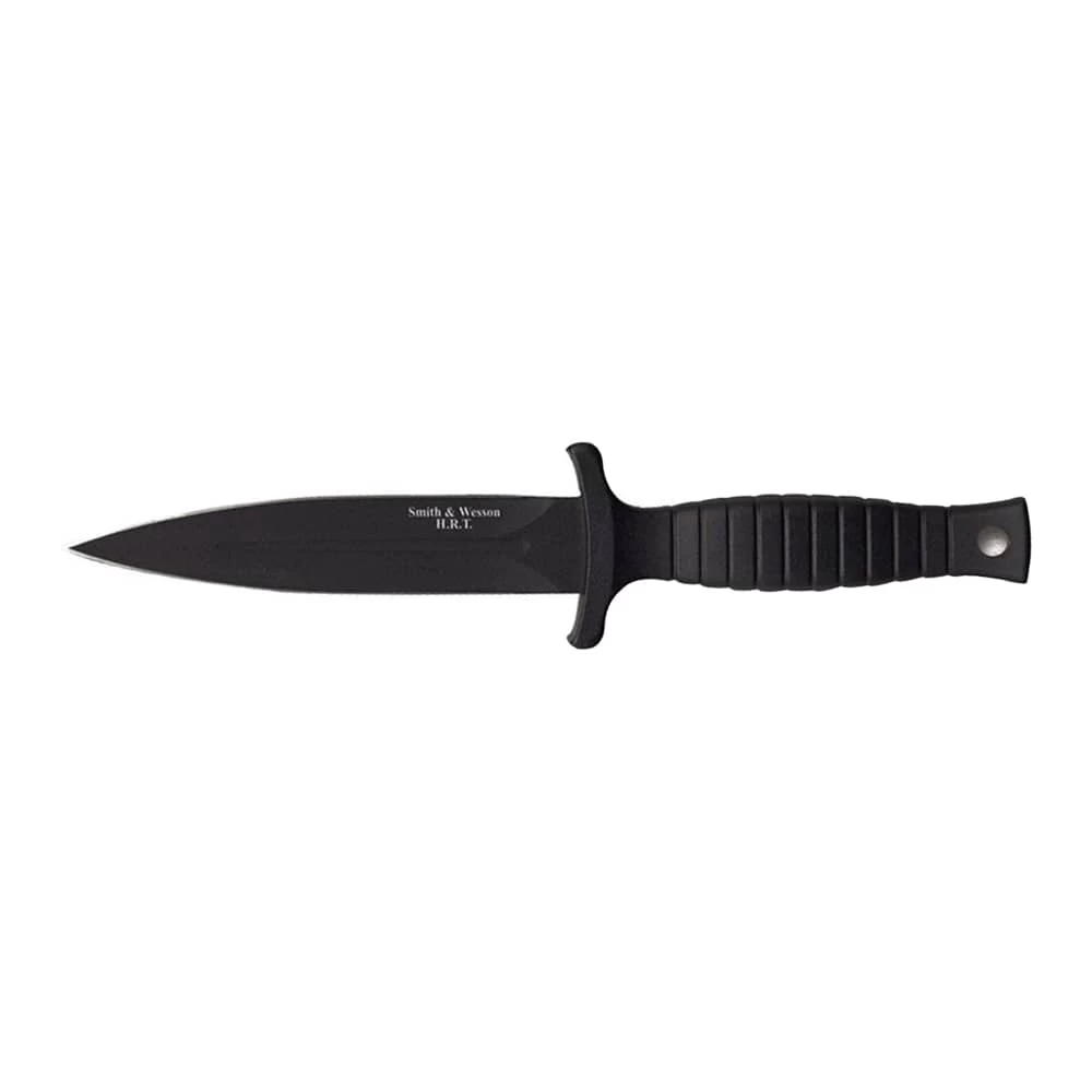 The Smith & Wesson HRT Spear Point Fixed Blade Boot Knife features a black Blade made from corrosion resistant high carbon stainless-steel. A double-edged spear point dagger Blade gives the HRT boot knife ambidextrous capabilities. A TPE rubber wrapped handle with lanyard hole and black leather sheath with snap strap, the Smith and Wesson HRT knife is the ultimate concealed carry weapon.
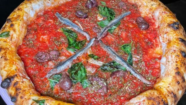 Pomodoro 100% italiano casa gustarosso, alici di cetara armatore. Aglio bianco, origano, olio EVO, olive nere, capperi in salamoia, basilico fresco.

* * *

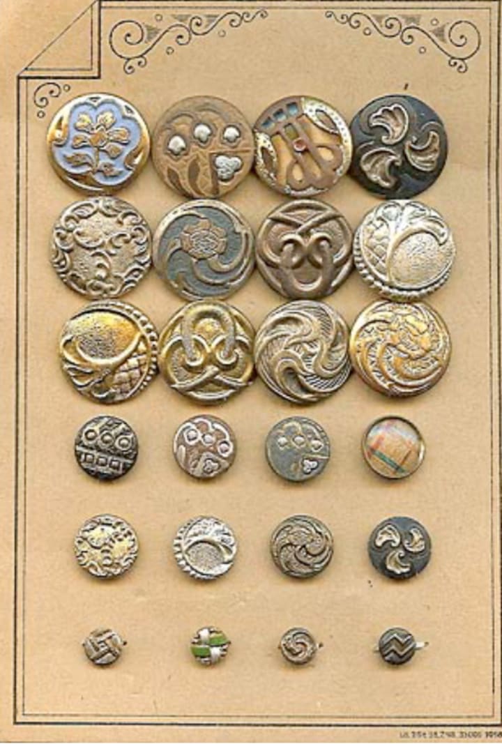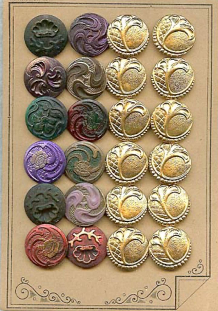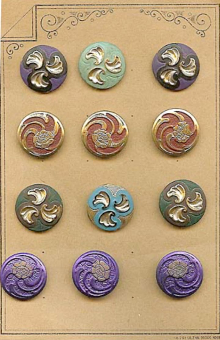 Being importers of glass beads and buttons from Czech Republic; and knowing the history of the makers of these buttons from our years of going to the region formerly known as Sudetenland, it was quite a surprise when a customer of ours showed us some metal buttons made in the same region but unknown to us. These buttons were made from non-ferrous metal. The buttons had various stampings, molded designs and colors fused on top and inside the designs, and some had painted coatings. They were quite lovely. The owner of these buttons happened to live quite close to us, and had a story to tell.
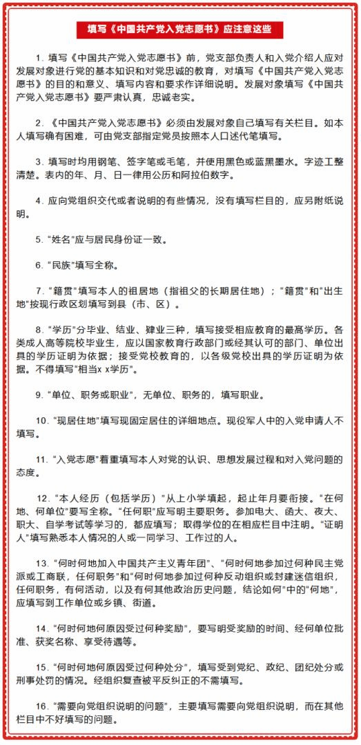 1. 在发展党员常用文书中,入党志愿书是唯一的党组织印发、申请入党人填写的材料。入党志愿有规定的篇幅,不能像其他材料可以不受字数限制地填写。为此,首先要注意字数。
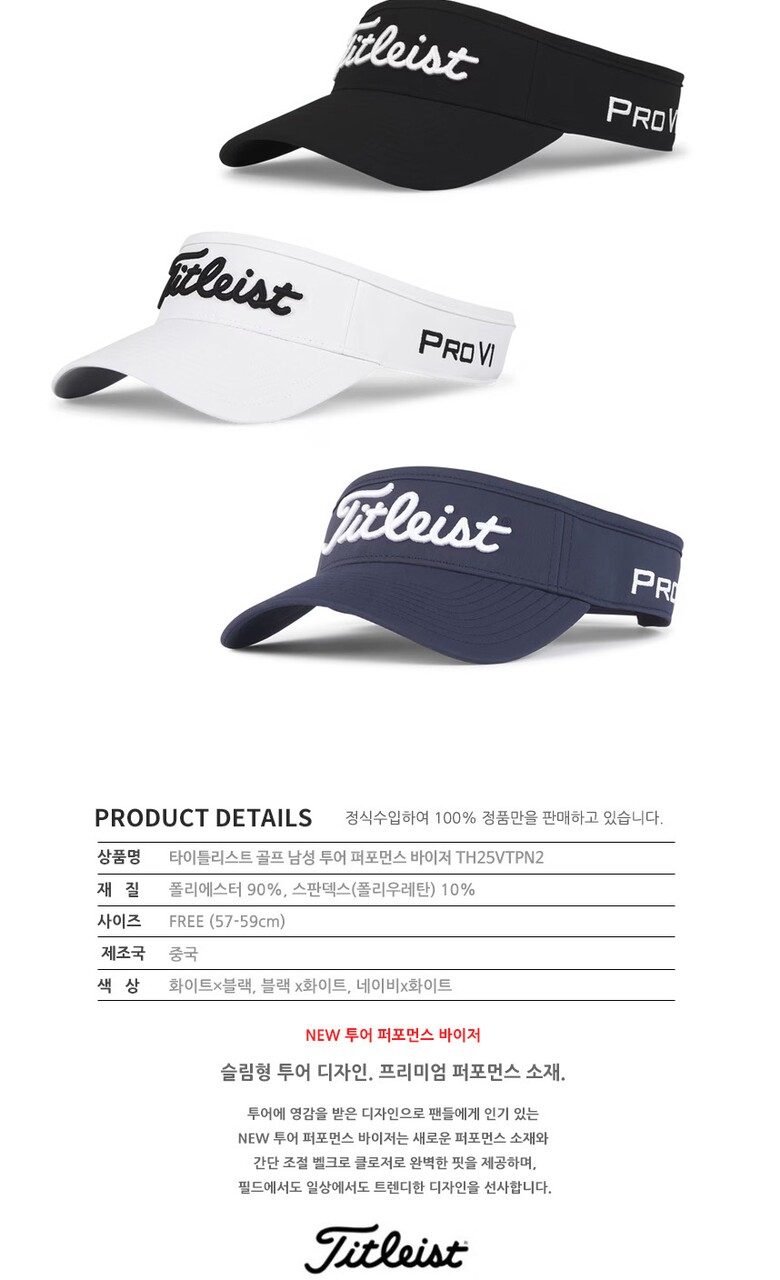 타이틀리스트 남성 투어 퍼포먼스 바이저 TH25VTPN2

» HOW TO COMPLETE THIS TASK: Looking at the listing above, which lines run from the one containing "Being importers of" through the one containing "타이틀리스트 남성 투어 퍼포먼스 바이저 TH25VTPN2"? Print exactly those, ends included, pictures excluded.

» SOLVED PROBLEM:
 Being importers of glass beads and buttons from Czech Republic; and knowing the history of the makers of these buttons from our years of going to the region formerly known as Sudetenland, it was quite a surprise when a customer of ours showed us some metal buttons made in the same region but unknown to us. These buttons were made from non-ferrous metal. The buttons had various stampings, molded designs and colors fused on top and inside the designs, and some had painted coatings. They were quite lovely. The owner of these buttons happened to live quite close to us, and had a story to tell.
 1. 在发展党员常用文书中,入党志愿书是唯一的党组织印发、申请入党人填写的材料。入党志愿有规定的篇幅,不能像其他材料可以不受字数限制地填写。为此,首先要注意字数。
 타이틀리스트 남성 투어 퍼포먼스 바이저 TH25VTPN2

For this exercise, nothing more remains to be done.